RuntimeError: Could not serialize functools.partial(<function get_sub_epoch_dataset at 0x7f80eff8e3b0>, dataset={'train': ...}

Not only because the function couldn't be obviously serialized properly before the call to functools.partial, but also because the tk.Paths used for the model training weren't able to be serialized either.

FInally I tried directly inserting the functools.partial function as stated above in the python prolog of the RETURNN config and calling it via CodeWrapper:

python_epilog=functools.partial(
    CodeWrapper("get_sub_epoch_dataset"),
    dataset=dataset,
    num_workers=num_workers,
    local_caching=local_caching,
),
...
"get_sub_epoch_dataset": returnn.config.CodeWrapper("get_sub_epoch_dataset")

But it failed with exactly the same error: TypeError: the first argument must be callable.

I also tried the equivalent without CodeWrapper in functools.partial(CodeWrapper(...), ...), but it also failed with a similar error to [SECOND APPROACH]:

RuntimeError: Could not serialize functools.partial(<function get_sub_epoch_dataset at 0x7f80eff8e3b0>, dataset={'train': ...}

Answer 10 · 2024-06-18T08:11:57.000Z

I don't exactly understand. When you use functools.partial(CodeWrapper("get_sub_epoch_dataset"), ...), when this is in the config part of ReturnnConfig, it should be serialized to functools.partial(get_sub_epoch_dataset, ...) (just via repr). Is this the case? Where exactly do you get this TypeError? How does the serialized config look like?
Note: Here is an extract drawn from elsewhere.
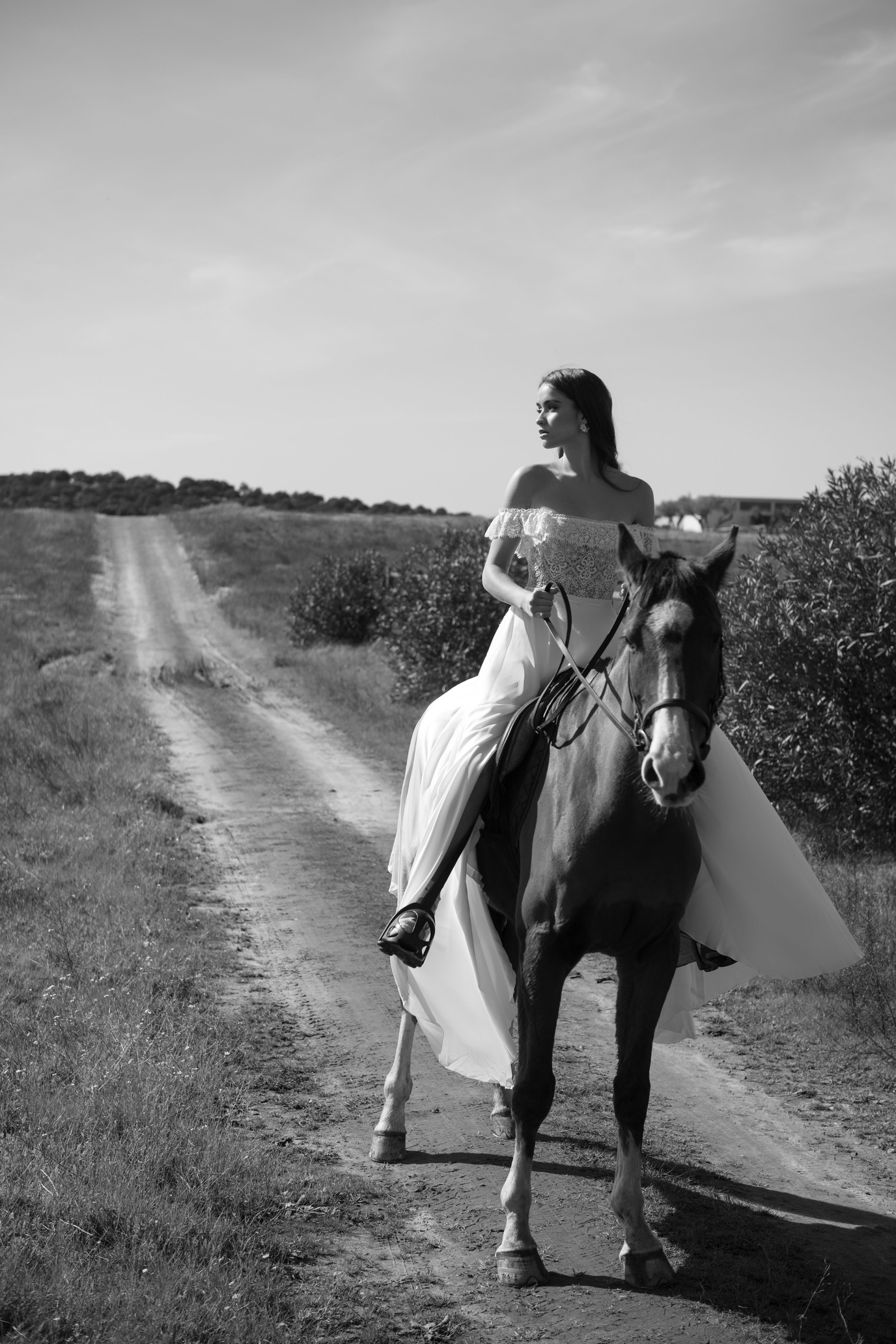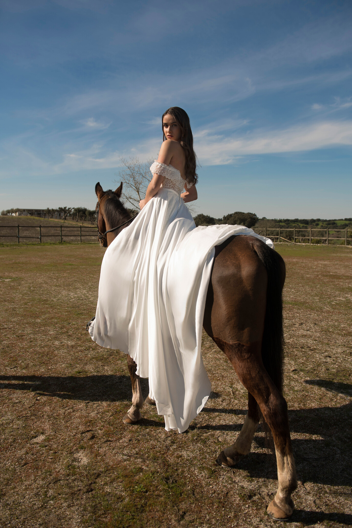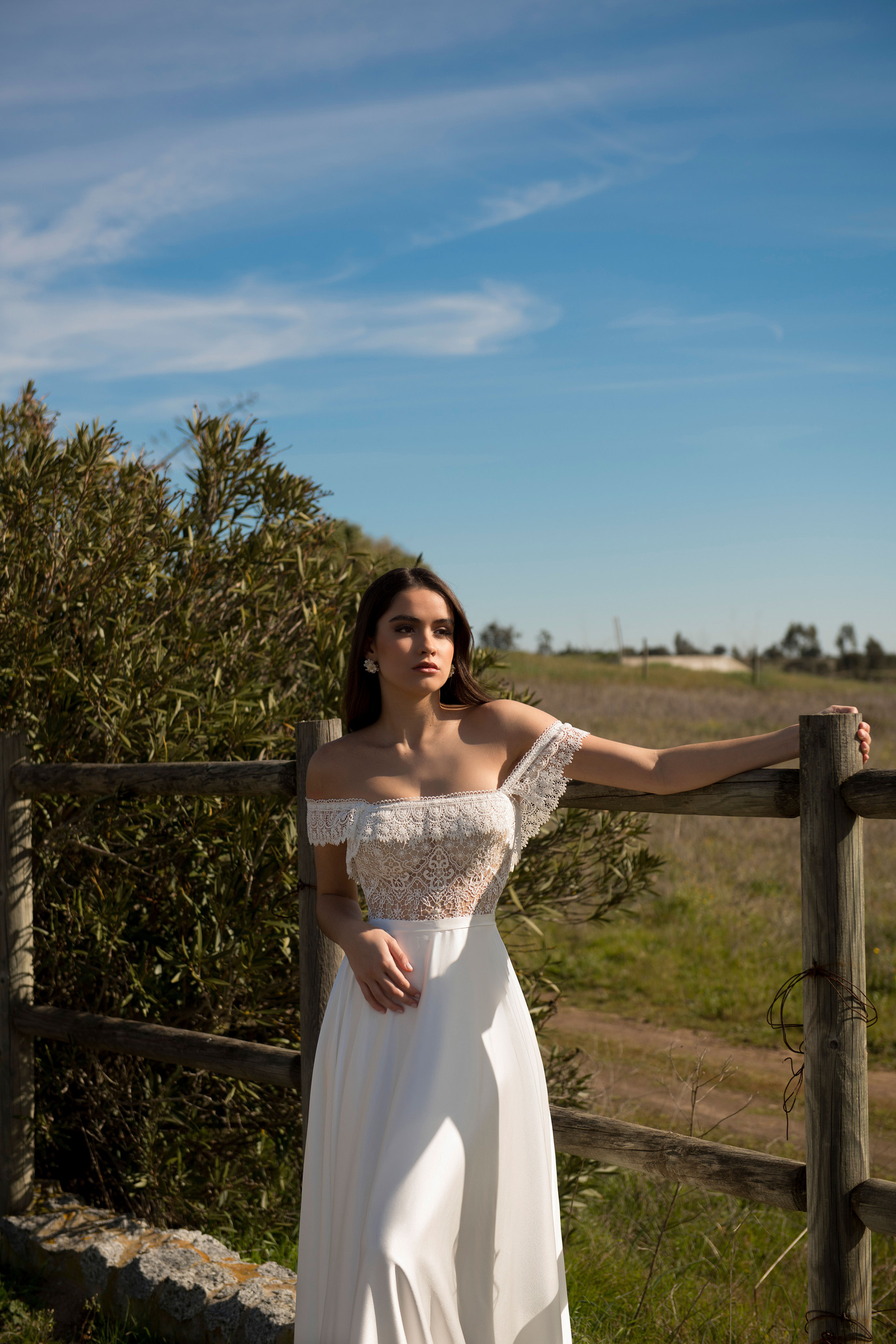 Um vestido de noiva leve e encantador, pensado para a noiva que procura simplicidade com um toque de romantismo boémio.

After trying myself: Oh, I see, this error happens when even creating the functools.partial object, not at serialization or at loading the config. This error comes from a check within functools.partial.

It would be good if you would provide such important aspects. It is always relevant:

Where exactly does the error happen (manager or job worker? also stack trace),
how does the serialized config look like,
how does your code look like.

So then we cannot use functools.partial this way here, as CodeWrapper is not callable.

But we don't need to do it this way. You can also just use DelayedFormat here for the config part, i.e. "get_sub_epoch_dataset": DelayedFormat(...). Or just "get_sub_epoch_dataset": CodeWrapper("get_sub_epoch_dataset").

FInally I tried directly inserting the functools.partial function as stated above in the python prolog of the RETURNN config and calling it via
"get_sub_epoch_dataset": returnn.config.CodeWrapper("get_sub_epoch_dataset")
But the first approach failed with exactly the same error, and the second approach failed with a very similar error (can't serialize <function ...>, ...).

I again don't exactly understand what error you get with what approach at what point. Why do you say "first approach"? There is only a single approach here in this section, namely "get_sub_epoch_dataset": CodeWrapper("get_sub_epoch_dataset"). And what error? And where? And what second approach? Or do you refer to this as the third approach here? So this works?